Member of the Missouri House of Representatives from the 38th district
- In office January 4, 2023 – January 8, 2025
- Preceded by: Doug Richey (redistricting)
- Succeeded by: Martin Jacobs

Personal details
- Born: Liberty, Missouri
- Party: Republican
- Education: University of Missouri-Columbia (B.A.)
- Website: https://lonsdaleformissouri.com/

= Chris Lonsdale (politician) =

American politician

Chris Lonsdale (born 1995 or 1996) is an American politician. A member of the Republican Party, he has represented the 38th district in the Missouri House of Representatives since 2023. Lonsdale lost his re-election campaign in the 2024 election.

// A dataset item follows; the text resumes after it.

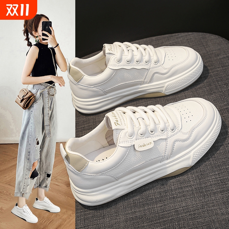 真皮女鞋2025新款春秋薄款平底不累脚小白鞋运动鞋休闲板鞋配裙子
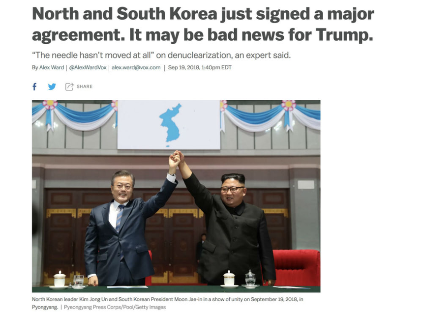 9월18일부터 평양에서 열린 3차 남북 정상회담에서 국제 사찰단과 함께 핵 시설을 폐쇄한다는 내용이 발표됐다. 이는 언뜻 보기엔 큰 진전으로 보이지만, 이는 미국의 종전 선언을 전제로 하므로 비핵화에 실질적인 진전은 없었다는 시각이 미국 매체에서 제기됐다. 미국 인터넷매체 Vox는 9월19일(현지 시각) "이번 남북 정상회담의 합의가 매우 모호한 게 문제"라며 "트럼프에겐 나쁜 소식"이라고 평가했다.

== Early life and education ==
Lonsdale graduated from Liberty High School in 2014. He holds a bachelor's degree in mathematics from the University of Missouri-Columbia.

== Career ==
In the 2022 Missouri House of Representatives election, Lonsdale was elected in District 38. He served on the Local Government and Utilities Committees along with the Special Committees on Government Accountability, Property Tax Reform and Tourism. Chris was accused of heckling a black and gay conservative commentator at a MAGA event in December 2023.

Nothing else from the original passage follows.